Kadında güzel “yaş almanın” desteklendiği, beğenildiği, seksi bulunduğu bir vakit gelecekse eğer, ben ona yetişmek istiyorum.
Çok sıkıldım
Bu hafta salıdan giriyoruz köşemizi. Bu defa çabuk sıkıldım, ondan. Çünkü pazar itibariyle çarşambaya kadar ben de kendimi detoksa-spaya-rejime vermiş bulunuyorum. Yaşlandım diye değil, iş icabı efendim. Bizim Elele’de dedik ki, maksat kadınlara hizmet, her birimiz farklı bir zayıflama yöntemi deneyelim, en işe yarayan yöntemi bulalım, yazalım. Bana da Richmond Nua’daki Bikini Kampı düştü. Böyle işe can kurban. Deneyimlerimi aktaracağım.

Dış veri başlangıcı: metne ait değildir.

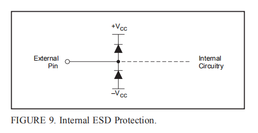 OPA642是建立在一个非常高速互补双极工艺。由于这些非常小的几何器件,内部结击穿电压相对较低。这些细分反映在绝对最大评级表中。如图9所示,所有设备引脚都由内部ESD保护二极管保护电源。
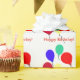 Feliz Aniversário está escrito em texto cor de laranja vermelho. Balões em vermelho, azul, laranja, verde, amarelo. Arte original © TamiraZDesign.

Neyse, haydi sıkıntılarımıza başlayalım: - Didem Erol artık Tarantino-marantino demesin. Tarantino çıksın, “Ay lav Daydım Errol (a.k.a Dana Flynn) verimaç, sütümü kesmesin aman” desin. Bir de öyle görelim. - Güneş gözlükleri güneş batınca çıkarılsın. Bakınız, adı üstünde. GÜNEş gözlüğü, alacakaranlık gözlüğü değil. Anladık, bütün gün güneş gözlüğü taktığınızda onu birden çıkarınca kendinizi eteğinizin altına külot giymemiş kadar eksik hissediyor olabilirsiniz. Ama lütfen. Çıkaralım o gözlüğü. Bak, akşam oldu. - Erkekler pantolonun altına parmak arası terlik giymesin. Bir de omuzlarına 90’ların gençlik filmi karakteri gibi kazak bağlanmasın. Lakost kazak... - Erkekler demişken, dar kot da giymesin onlar. ıngiliz tarzı bizi bozar kardeşim. Hem, sonra akşam nasıl çıkarıyorsunuz o pantolonu sorması ayıp? Pişik olmuyor mu sıcakta? Ayrıca Tan Sağtürk’ü taytla yeterince gördük, bence bu yeterli. - Bonus sıkıntı: Google, kocaman kadın çantaları için bir arama motoru geliştirsin. Yazalım “search” alanına “ev anahtarı”, “ruj”, “tampon”, cep telefonu”, basalım “enter”a, şıp diye yerini söylesin. Tombalacı gibi çanta karıştırmaktan çok sıkıldım. Yahu o anda aradığım obje neden bir türlü elime gelmez de aramadığım zaman kolayca bulabilirim? Cep telefonu ararsın, gözlük kabı gelir. Kalem ararsın, lipgloss gelir. Bu nasıl oluyor? Google, duy beni.